My most recent string began in 2013, when I latched onto Strava. Keeping track of miles became easier more meaningful, for myself, but as well as others, through Strava’s ability to link to our friends’ and families’ runs, bike rides, or swims. Plus, you get a map of each or your outdoor activities. Then there is the data that’s getting added up and enumerated that sometimes ends up in the form of a little gold trophy next to Top Results with something like “Today you broke out a personal record on the first mile up Rummy Ridge!” If you have not discovered Strava, then I urge you to give it a try. You are welcome to follow me, and I would do likewise.
In 2014, Carey Kish published an article about the idea of hiking a thousand miles in Maine in a calendar year. Check! I had a great time that year, getting out and exploring the Maine back country. Better than the miles were the hundreds of hours I spent navigating along the rough surface of our corner of the USA while I was getting myself reacquainted with the land of surprisingly unfettered boundaries.
For 2015, My oldest son Lincoln suggested I take on the goal of hiking, running, or biking an hour a day for a whole year. Sold. I did that. My weight has stayed 10 pounds under the usual for over a year now. I also cancelled my gym membership.
For 2016: hike 1,000 and bike 1,000 miles in a calendar year. That’s the deal now. I have upped my daily average to 75 minutes a day, which is what I think I will need to make this happen.
Mr. Kish is now back from his second thru-hike of the Appalachian Trail with his Best Day Hikes Along the Maine Coast, where he identifies 50 of the best trails along the Atlantic Ocean.
My wife and I heard Carey present on this book in Rockland a few weeks ago, where I bought my second copy ( I can’t remember who I lent my first copy to.) , and now Marcia has this idea to hike all 50. We have already visited two new places nearby, Montville’s Northeastern Headwaters Trail and Belfast’s Little River Community Trail, and both lived up to Kish’s superlatives.

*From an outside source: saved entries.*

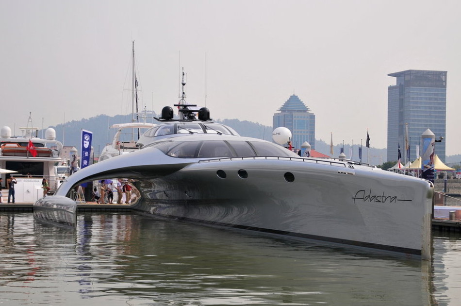 Adastra, le yacht « le plus étonnant du monde », fait 42,5 mètres de long et sa construction a coûté 15 millions de dollars. C'est sans aucun doute le plus éblouissant des bateaux présentés au Salon international du yacht de Guangzhou, qui a débuté le 12 octobre dans la baie de Nansha.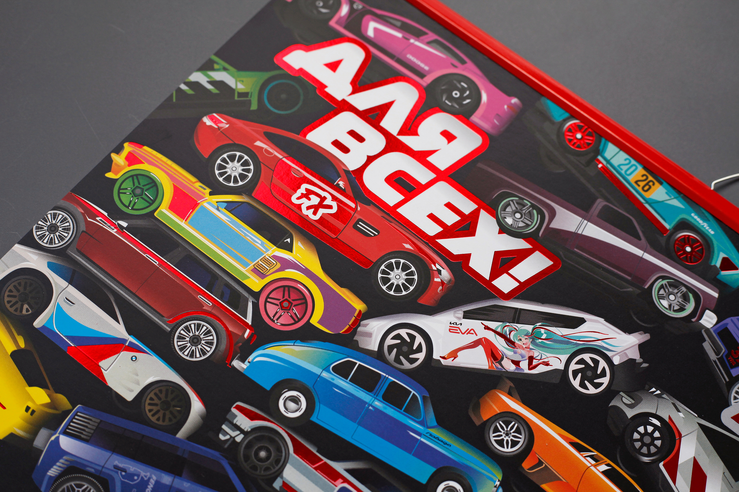 Каждый из объектов был вручную отчерчен и раскрашен в уникальном авторском стиле, а выборочное тиснение красной фольгой превратило это изделие в настоящий арт-объект.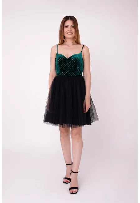 Разкроена рокля Bloom с панделка на гърба - Черен/Тъмнозелен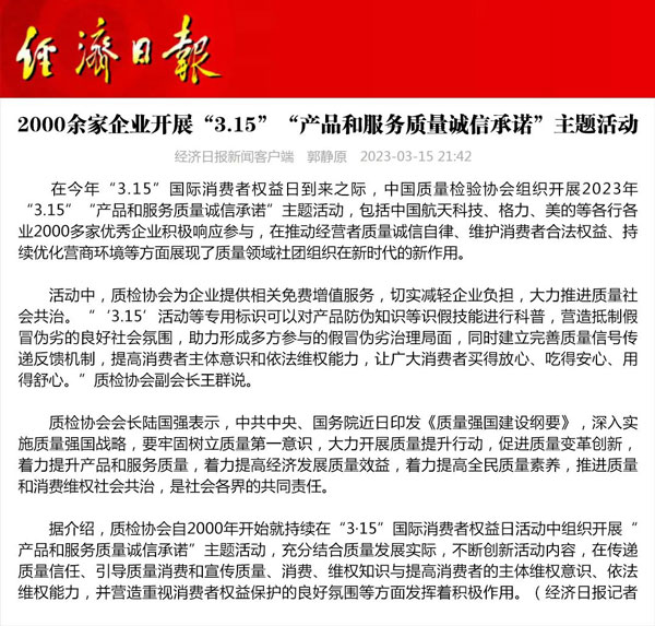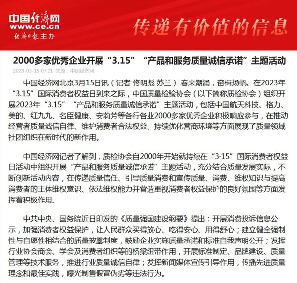 - 中國經(jīng)濟網(wǎng)發(fā)布:質(zhì)量誠信承諾 助力提振消費——中國質(zhì)量檢驗協(xié)會組織2000余家優(yōu)秀企…(2026-03-13)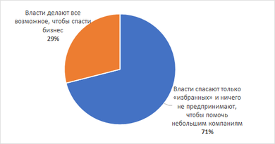 71% респондентов полагает, что спасают только «избранных» и ничего не предпринимают, чтобы помочь небольшим компаниям.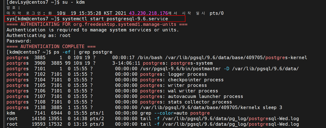 10์ 19 15:30:09 centos7 postmaster[30514]: < 2021-10-19 15:30:09.071 KST > ๋ก๊ทธ: redirecting log output to logging… process

Wait! Now there’s this easy way to measure fatigue and to gauge when to back off and take a low intensity workout or a rest day. Have you heard about heart rate variability training? I first learned about it this winter from Larry Starr, a local psychologist who uses it to reduce anxiety and stress in his clients. Check out this recent article from Outside magazine: Is Your Heart Healthy? Ask Your Phone , it’s subtitled Heart-rate apps bring Olympic-caliber recovery to everyone.
Maybe your final takeaway from reading this post is to set a goal or two for this season’s hiking, biking, or swimming season. It has been working for me, keeps things fresh, and just maybe may result in better health, lower weight, or a finely tuned heart.